## Instructions to follow
In the records below, find the line containing "A sturdy kitchen" and return it together with every later line, exactly as written; pictures are to be omitted.
....
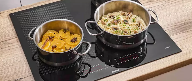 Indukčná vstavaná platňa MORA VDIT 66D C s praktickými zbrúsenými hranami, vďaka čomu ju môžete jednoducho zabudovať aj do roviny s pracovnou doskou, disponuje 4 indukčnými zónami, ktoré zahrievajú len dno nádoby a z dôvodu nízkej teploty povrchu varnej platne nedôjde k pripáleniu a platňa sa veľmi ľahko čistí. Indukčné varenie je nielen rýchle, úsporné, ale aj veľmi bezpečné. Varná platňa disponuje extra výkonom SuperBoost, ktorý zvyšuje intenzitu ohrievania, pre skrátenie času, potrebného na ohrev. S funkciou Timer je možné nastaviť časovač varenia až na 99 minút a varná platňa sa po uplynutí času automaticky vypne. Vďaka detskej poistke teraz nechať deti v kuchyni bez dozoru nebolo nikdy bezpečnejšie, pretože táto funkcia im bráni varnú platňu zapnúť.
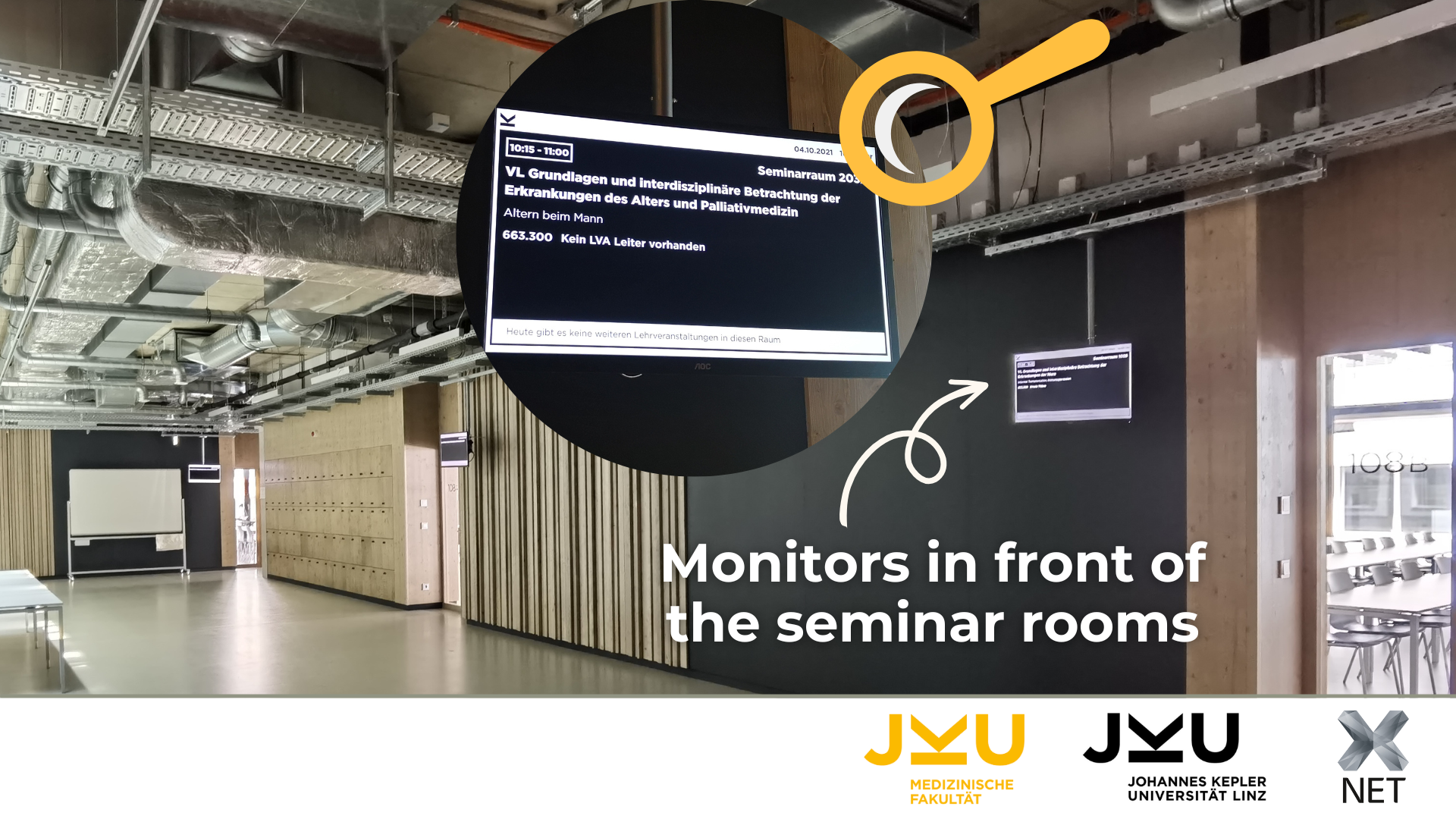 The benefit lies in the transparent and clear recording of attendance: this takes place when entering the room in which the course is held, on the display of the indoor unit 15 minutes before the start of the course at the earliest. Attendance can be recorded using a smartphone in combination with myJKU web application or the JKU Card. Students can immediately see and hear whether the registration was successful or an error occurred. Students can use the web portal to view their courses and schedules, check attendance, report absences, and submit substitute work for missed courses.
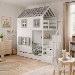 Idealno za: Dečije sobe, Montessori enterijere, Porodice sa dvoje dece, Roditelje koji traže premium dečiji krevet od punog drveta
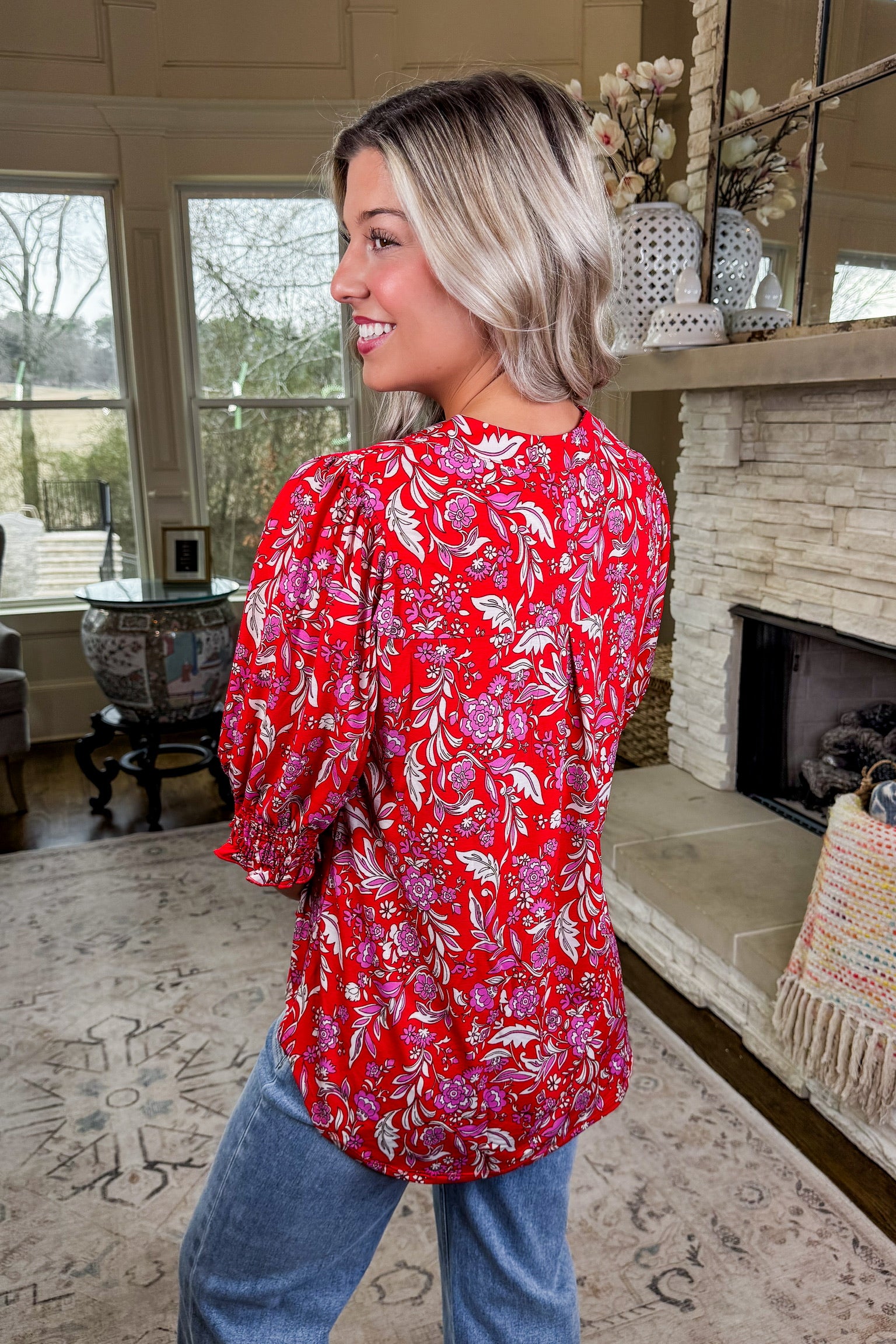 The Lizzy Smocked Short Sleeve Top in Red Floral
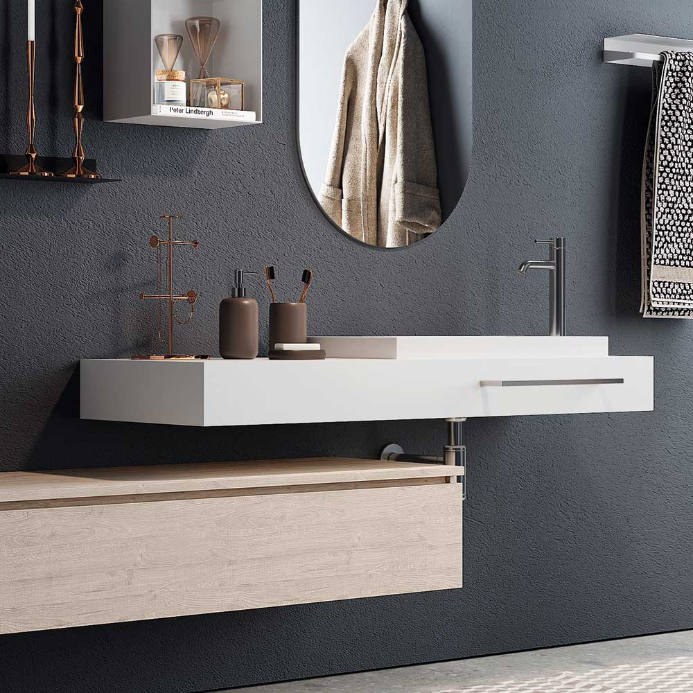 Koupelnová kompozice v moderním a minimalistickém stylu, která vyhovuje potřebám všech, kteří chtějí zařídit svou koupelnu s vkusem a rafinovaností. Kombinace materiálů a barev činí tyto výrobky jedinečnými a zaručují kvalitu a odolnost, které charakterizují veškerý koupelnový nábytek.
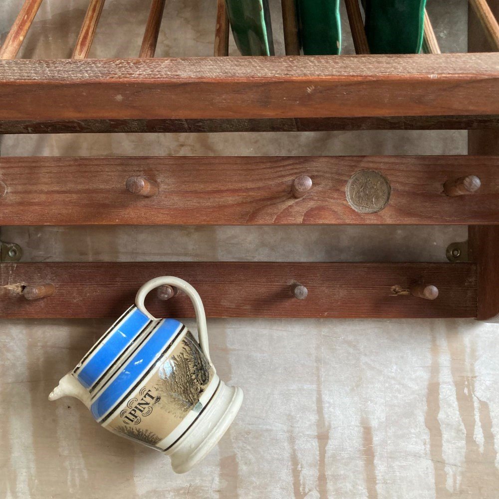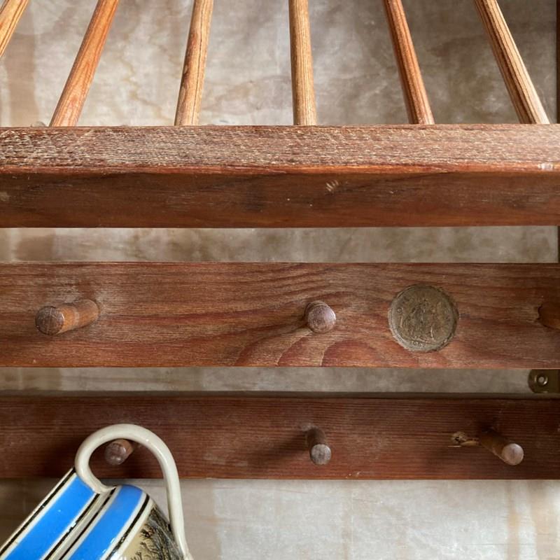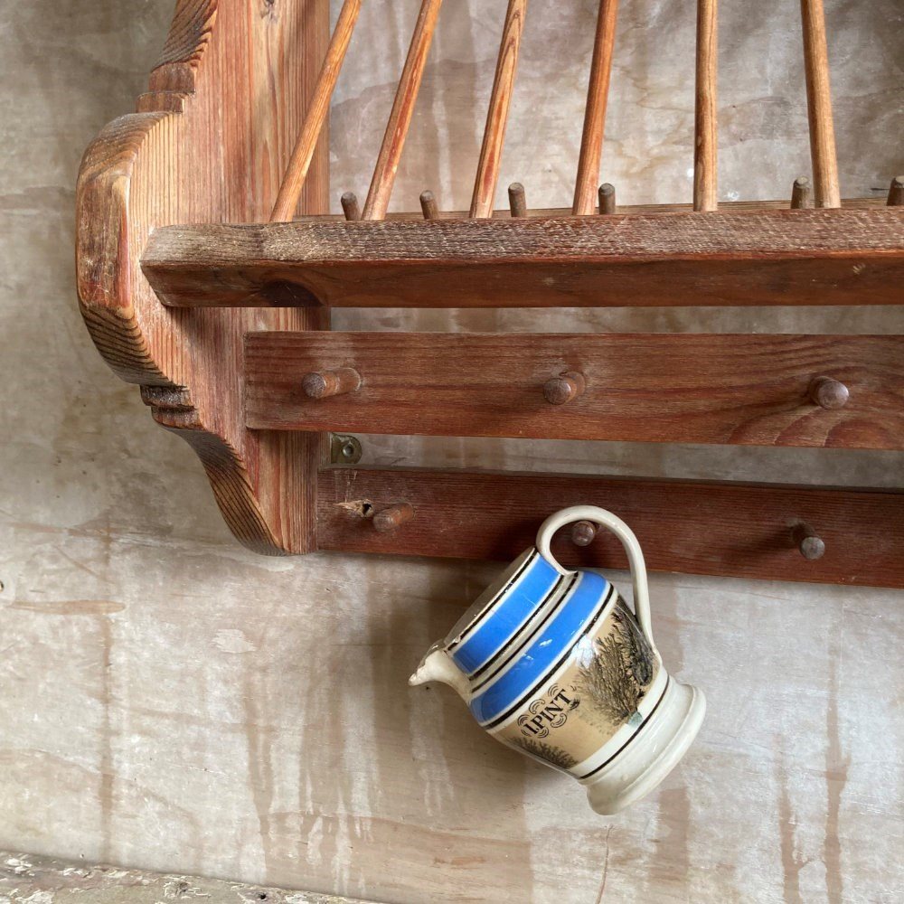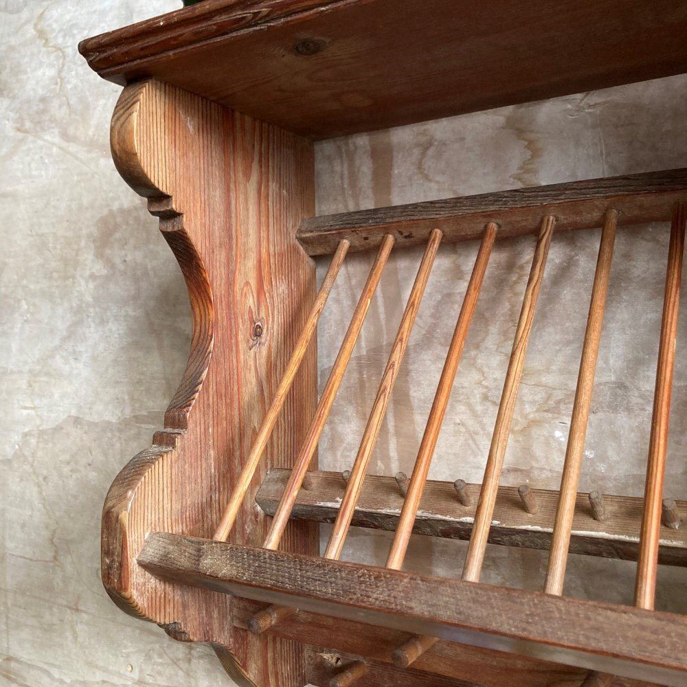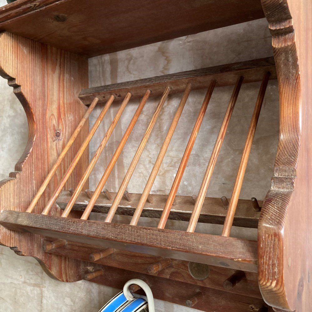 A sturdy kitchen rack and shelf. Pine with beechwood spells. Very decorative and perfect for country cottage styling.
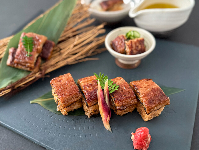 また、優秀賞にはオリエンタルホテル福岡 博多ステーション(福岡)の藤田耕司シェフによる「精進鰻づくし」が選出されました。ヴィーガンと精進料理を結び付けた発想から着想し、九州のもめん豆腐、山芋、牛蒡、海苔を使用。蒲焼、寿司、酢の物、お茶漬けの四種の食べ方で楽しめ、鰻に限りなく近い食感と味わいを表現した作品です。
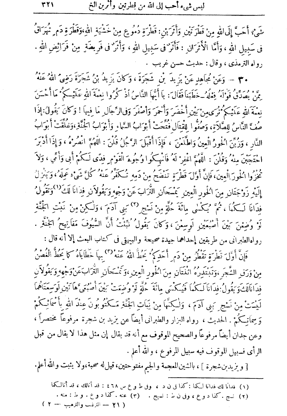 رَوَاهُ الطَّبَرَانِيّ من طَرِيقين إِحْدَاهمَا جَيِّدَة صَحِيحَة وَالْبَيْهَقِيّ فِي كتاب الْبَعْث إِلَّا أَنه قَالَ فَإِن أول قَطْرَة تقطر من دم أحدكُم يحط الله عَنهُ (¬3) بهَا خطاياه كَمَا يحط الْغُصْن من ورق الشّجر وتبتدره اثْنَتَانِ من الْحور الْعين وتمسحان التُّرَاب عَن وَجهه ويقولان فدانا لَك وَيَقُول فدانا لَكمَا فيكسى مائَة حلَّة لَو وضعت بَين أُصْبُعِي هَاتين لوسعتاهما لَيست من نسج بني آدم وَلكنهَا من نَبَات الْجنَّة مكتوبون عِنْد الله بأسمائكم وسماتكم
....
## Worked solution
 A sturdy kitchen rack and shelf. Pine with beechwood spells. Very decorative and perfect for country cottage styling.
 また、優秀賞にはオリエンタルホテル福岡 博多ステーション(福岡)の藤田耕司シェフによる「精進鰻づくし」が選出されました。ヴィーガンと精進料理を結び付けた発想から着想し、九州のもめん豆腐、山芋、牛蒡、海苔を使用。蒲焼、寿司、酢の物、お茶漬けの四種の食べ方で楽しめ、鰻に限りなく近い食感と味わいを表現した作品です。
 رَوَاهُ الطَّبَرَانِيّ من طَرِيقين إِحْدَاهمَا جَيِّدَة صَحِيحَة وَالْبَيْهَقِيّ فِي كتاب الْبَعْث إِلَّا أَنه قَالَ فَإِن أول قَطْرَة تقطر من دم أحدكُم يحط الله عَنهُ (¬3) بهَا خطاياه كَمَا يحط الْغُصْن من ورق الشّجر وتبتدره اثْنَتَانِ من الْحور الْعين وتمسحان التُّرَاب عَن وَجهه ويقولان فدانا لَك وَيَقُول فدانا لَكمَا فيكسى مائَة حلَّة لَو وضعت بَين أُصْبُعِي هَاتين لوسعتاهما لَيست من نسج بني آدم وَلكنهَا من نَبَات الْجنَّة مكتوبون عِنْد الله بأسمائكم وسماتكم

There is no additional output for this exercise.